(Data excerpt Opens)
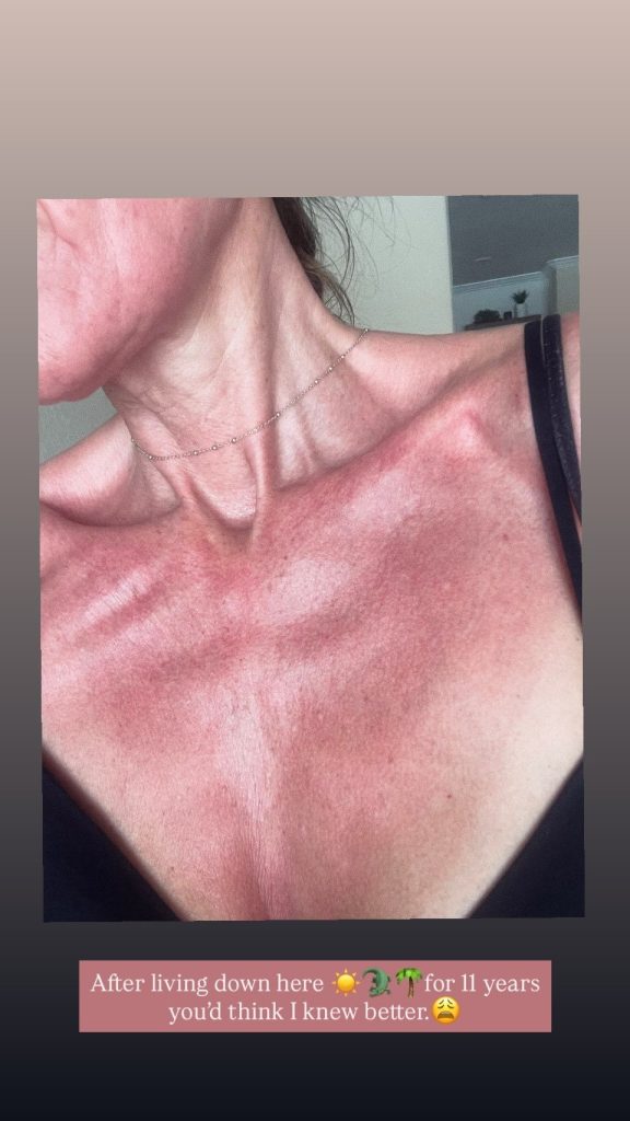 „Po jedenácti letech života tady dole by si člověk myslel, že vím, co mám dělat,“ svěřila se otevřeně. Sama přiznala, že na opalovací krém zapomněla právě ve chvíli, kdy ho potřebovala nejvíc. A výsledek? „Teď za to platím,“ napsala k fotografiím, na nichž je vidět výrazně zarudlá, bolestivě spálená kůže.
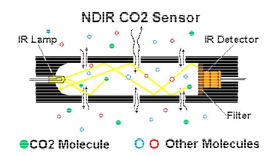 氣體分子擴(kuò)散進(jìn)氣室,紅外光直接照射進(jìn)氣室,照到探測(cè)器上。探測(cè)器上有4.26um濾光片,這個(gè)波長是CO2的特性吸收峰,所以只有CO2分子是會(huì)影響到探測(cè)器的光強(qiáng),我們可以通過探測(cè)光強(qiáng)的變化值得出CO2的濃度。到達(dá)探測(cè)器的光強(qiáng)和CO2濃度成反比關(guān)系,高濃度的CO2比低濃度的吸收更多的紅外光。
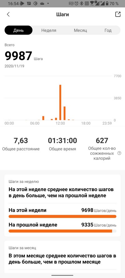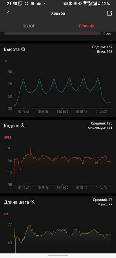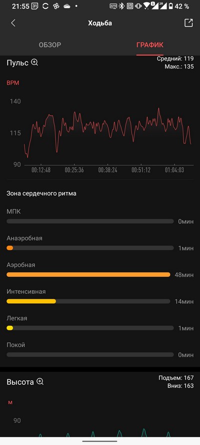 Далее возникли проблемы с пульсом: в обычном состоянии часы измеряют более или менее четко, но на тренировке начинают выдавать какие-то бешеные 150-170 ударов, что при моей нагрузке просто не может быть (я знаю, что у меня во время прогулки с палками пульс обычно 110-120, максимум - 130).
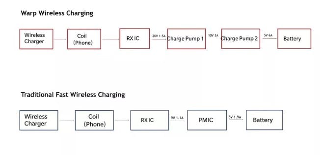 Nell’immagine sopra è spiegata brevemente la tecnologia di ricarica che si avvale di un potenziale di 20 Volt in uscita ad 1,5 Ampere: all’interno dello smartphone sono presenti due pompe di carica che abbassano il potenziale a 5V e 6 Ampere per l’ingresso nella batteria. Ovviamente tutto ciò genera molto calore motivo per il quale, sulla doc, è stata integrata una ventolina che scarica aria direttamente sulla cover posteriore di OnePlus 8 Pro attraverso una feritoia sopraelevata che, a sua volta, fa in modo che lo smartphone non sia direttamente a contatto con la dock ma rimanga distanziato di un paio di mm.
(Data excerpt Closes)
■ Exercise ■
Output the data above exactly, beginning at its first line and ending with the line that holds "Далее возникли проблемы". Leave out the pictures and add nothing.

■ Task result ■
 „Po jedenácti letech života tady dole by si člověk myslel, že vím, co mám dělat,“ svěřila se otevřeně. Sama přiznala, že na opalovací krém zapomněla právě ve chvíli, kdy ho potřebovala nejvíc. A výsledek? „Teď za to platím,“ napsala k fotografiím, na nichž je vidět výrazně zarudlá, bolestivě spálená kůže.
 氣體分子擴(kuò)散進(jìn)氣室,紅外光直接照射進(jìn)氣室,照到探測(cè)器上。探測(cè)器上有4.26um濾光片,這個(gè)波長是CO2的特性吸收峰,所以只有CO2分子是會(huì)影響到探測(cè)器的光強(qiáng),我們可以通過探測(cè)光強(qiáng)的變化值得出CO2的濃度。到達(dá)探測(cè)器的光強(qiáng)和CO2濃度成反比關(guān)系,高濃度的CO2比低濃度的吸收更多的紅外光。
 Далее возникли проблемы с пульсом: в обычном состоянии часы измеряют более или менее четко, но на тренировке начинают выдавать какие-то бешеные 150-170 ударов, что при моей нагрузке просто не может быть (я знаю, что у меня во время прогулки с палками пульс обычно 110-120, максимум - 130).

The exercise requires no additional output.